4.5 Stochastic Gradient Boosted Trees (GBM): [11]

Stochastic Gradient Boosted Trees were the next model trained on the interaction characteristics. Tunable parameter is the boosting iterations (n.trees), maximum tree depth (interaction.depth), (shrinkage) and minimum terminal node size (n.minobsinnode) for this model. Four different optimal models were selected one each for the metrics Accuracy, Area under ROC curve (ROC), Area under Precision-recall curve (AUC) and logloss. fivefold cross validation was used with 5 times repeat (Table 5).

Table 5 Parameters of the Optimal GBM model

4.6 Extreme Gradient Boosted Trees (xgbTree): [11]

Extreme Gradient Boosted Trees model was trained on the interaction characteristics. Tunable parameter are the Boosting Iterations (nrounds), Max Tree Depth (\(max-depth\)), Shrinkage (eta), Minimum Loss Reduction (gamma), Sub-sample Ratio of Columns (\(col-bt\)), Minimum Sum of Instance Weight (\(min-cw\)), and Sub-sample Percentage (subsample) for this model. Four different optimal models were selected one each for the metrics Accuracy, Area under ROC curve (ROC), Area under Precision-recall curve (AUC) and log-loss. fivefold cross validation was used with 5 times repeat (Table 6).

Table 6 Parameters of the Optimal xgbTree model

Optimal models selected from the above procedure were selected evaluated on the test data. Based on the evaluation metrics it can be inferred the xgbTree models fit the test data better than other ML techniques applied on the training dataset. xgbTree models are ensembled predictors of balanced decision trees and also have the advantage of not overfitting the data.
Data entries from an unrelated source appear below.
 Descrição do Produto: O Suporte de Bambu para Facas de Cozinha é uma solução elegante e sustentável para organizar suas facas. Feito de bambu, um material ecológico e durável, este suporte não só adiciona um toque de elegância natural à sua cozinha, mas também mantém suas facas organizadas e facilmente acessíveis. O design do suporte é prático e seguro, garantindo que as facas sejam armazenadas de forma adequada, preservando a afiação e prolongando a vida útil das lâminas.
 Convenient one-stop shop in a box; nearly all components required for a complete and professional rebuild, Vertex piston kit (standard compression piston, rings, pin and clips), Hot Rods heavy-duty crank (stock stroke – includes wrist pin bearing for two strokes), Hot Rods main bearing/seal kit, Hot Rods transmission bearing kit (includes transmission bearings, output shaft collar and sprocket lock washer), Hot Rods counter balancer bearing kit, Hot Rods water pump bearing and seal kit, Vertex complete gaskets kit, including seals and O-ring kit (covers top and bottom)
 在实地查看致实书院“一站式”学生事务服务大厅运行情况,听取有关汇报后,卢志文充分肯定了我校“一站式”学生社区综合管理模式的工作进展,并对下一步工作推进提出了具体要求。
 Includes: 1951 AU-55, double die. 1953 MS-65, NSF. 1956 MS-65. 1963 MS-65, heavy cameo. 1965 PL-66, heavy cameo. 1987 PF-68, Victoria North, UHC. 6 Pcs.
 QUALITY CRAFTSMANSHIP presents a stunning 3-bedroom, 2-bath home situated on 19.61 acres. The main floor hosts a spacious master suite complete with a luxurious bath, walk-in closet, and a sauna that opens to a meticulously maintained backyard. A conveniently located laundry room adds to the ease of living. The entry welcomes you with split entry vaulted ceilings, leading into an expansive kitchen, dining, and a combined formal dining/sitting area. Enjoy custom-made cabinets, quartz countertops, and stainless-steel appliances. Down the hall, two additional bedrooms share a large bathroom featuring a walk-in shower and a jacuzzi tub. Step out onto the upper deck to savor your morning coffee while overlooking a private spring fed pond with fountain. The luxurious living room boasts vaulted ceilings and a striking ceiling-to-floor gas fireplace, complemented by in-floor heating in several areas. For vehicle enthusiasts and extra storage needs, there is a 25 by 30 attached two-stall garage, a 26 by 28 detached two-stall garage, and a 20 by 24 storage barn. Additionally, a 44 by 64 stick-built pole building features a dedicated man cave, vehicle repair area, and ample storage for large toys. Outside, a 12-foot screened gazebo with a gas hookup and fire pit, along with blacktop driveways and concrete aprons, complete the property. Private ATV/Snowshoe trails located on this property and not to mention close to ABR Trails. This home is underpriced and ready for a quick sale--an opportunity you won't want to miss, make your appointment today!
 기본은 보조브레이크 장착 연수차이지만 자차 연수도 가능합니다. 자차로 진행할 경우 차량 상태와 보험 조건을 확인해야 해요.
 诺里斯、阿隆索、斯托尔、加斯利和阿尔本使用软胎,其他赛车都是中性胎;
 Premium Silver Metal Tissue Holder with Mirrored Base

Table 7 Results of Optimal ML based model on test data

Table 7 demonstrates that Extreme Gradient Boosted Trees (xgbTree) were found to be the most appropriate probabilistic models amongst those reviewed in this study for influence ranking on the Twitter dataset. xgbTree model supports parallelization of tree construction, cache optimization of data structures and algorithm to make best use of hardware, distributed computing and out-of-core computing for very large datasets that do not fit into memory for training very large models using a cluster of machines [12].

5 Conclusion

This inquiry was conducted on the intuition that interaction occurs between entities of any social network and this could play an important role in modelling of influence. Hence statistics related to interactions made by entities in a social network were utilized to model influence and rank the entities as per their influence. Joint and conditional probability based techniques were used such as Neural networks, decision trees, ensembled predictors to conduct the inquiry. Based on the evaluation of the performance of the learning techniques on the data it was concluded that Extreme gradient boosted trees were the most suitable amongst the techniques used. The key advantage of this technique over other methods would be that it could scale well over massive online networks compared to other influence ranking models.